Em uma refinaria, uma válvula crítica acionada por CLP falhou durante um teste de emergência, ignorando as ordens do sistema de controle. Após descartar falhas elétricas e de software, a equipe de manutenção suspeitou de um dano mecânico interno. A solução veio por meio de engenharia reversa: a digitalização 3D do atuador com um GOM ATOS Q permitiu capturar a geometria exata da peça suspeita. A análise posterior revelou uma alteração deliberada que impedia a leitura correta do sensor de posição.
Fluxo de trabalho: da nuvem de pontos ao modelo CAD 🔧
O processo começou com a digitalização do atuador completo utilizando o scanner de luz estruturada GOM ATOS Q, obtendo uma nuvem de pontos de alta densidade e precisão submicrônica.

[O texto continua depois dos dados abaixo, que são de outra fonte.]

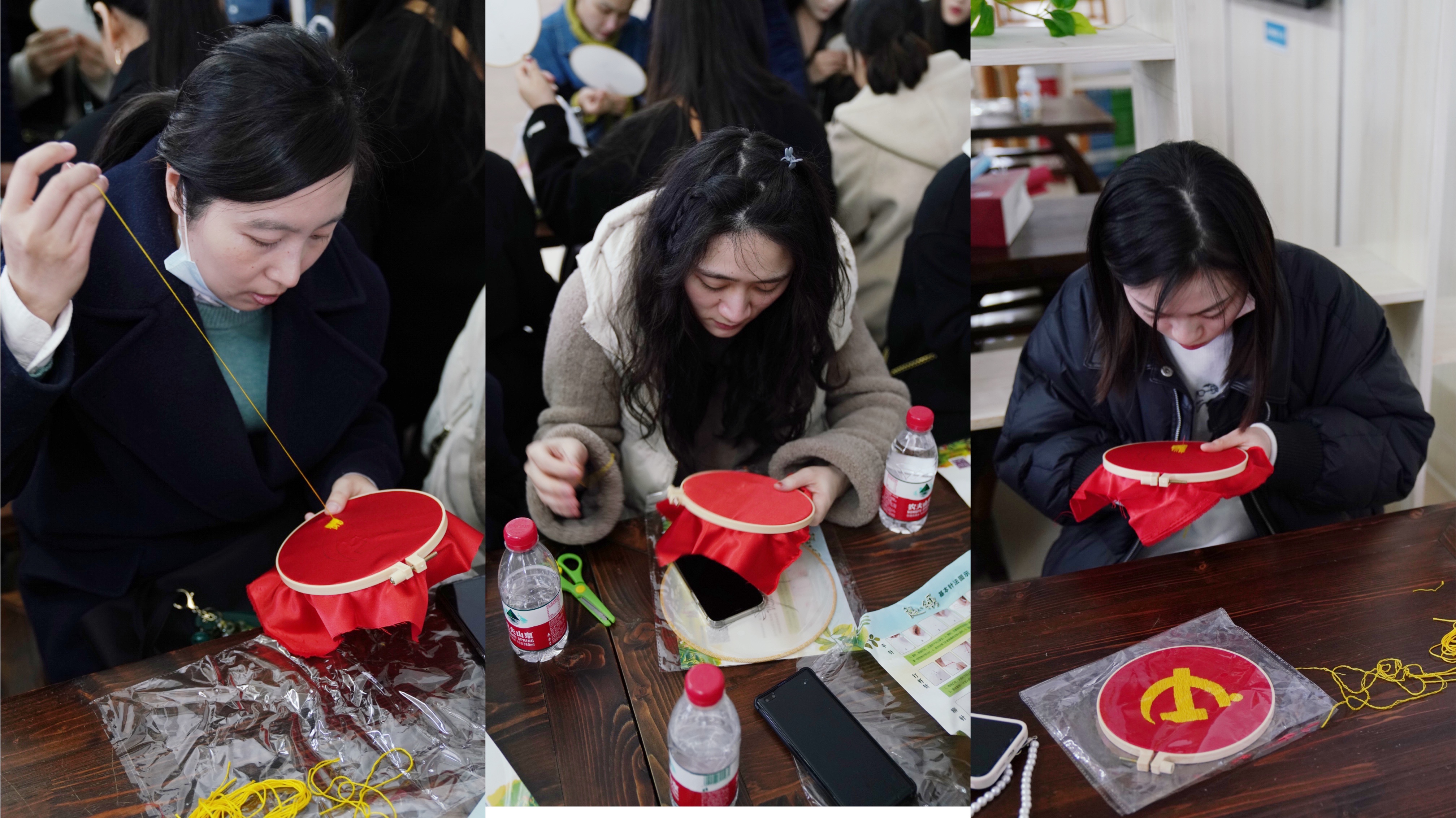 此次活動場地在湘繡發(fā)源地、有“中國湘繡之鄉(xiāng)”美稱的湖南沙坪湘繡博物館。在集中觀看了湘繡主題視頻短片《沙坪繡天下》后,大家在講解員的引領(lǐng)下參觀了博物館,在驚嘆湘繡作品傳統(tǒng)工藝之美的同時,對湘繡歷史、文化內(nèi)涵等也有了深入了解?,F(xiàn)場刺繡更是讓大家體會到了穿針引線、繪制美麗的不易與魅力,通過聆聽老師講解、請教探討繡制技巧,以巾幗匠心繪制出一個個鮮艷的黨徽、一面面精致的團扇,在繁忙的工作之余收獲了一項新技能,為生活點綴起一抹新亮色。

Este modelo digital foi importado para o Geomagic Control X para realizar uma análise de desvios em relação ao projeto original do SolidWorks. A comparação revelou uma discrepância crítica no perfil de uma came interna: uma área havia sido lixada artificialmente, reduzindo sua espessura em 1,2 mm. Esta modificação alterava o acoplamento mecânico com o sensor de proximidade indutivo, fazendo com que o CLP interpretasse uma posição de válvula incorreta durante o modo de emergência. Com os dados da deformação, procedeu-se à modelagem da peça correta no SolidWorks, gerando um arquivo STL para fabricação aditiva imediata.
A lição oculta no metal 🔍
Este caso demonstra que a engenharia reversa não serve apenas para replicar peças obsoletas, mas como ferramenta forense para detectar manipulações intencionadas ou desgastes anômalos. A combinação de escaneamento óptico de alta precisão e software de comparação geométrica permitiu identificar uma falha que nenhuma análise elétrica ou visual teria descoberto. Para os engenheiros de planta, este fluxo de trabalho se torna um protocolo indispensável diante de falhas intermitentes em sistemas de segurança críticos, onde uma peça lixada pode significar a diferença entre uma parada controlada e um incidente maior.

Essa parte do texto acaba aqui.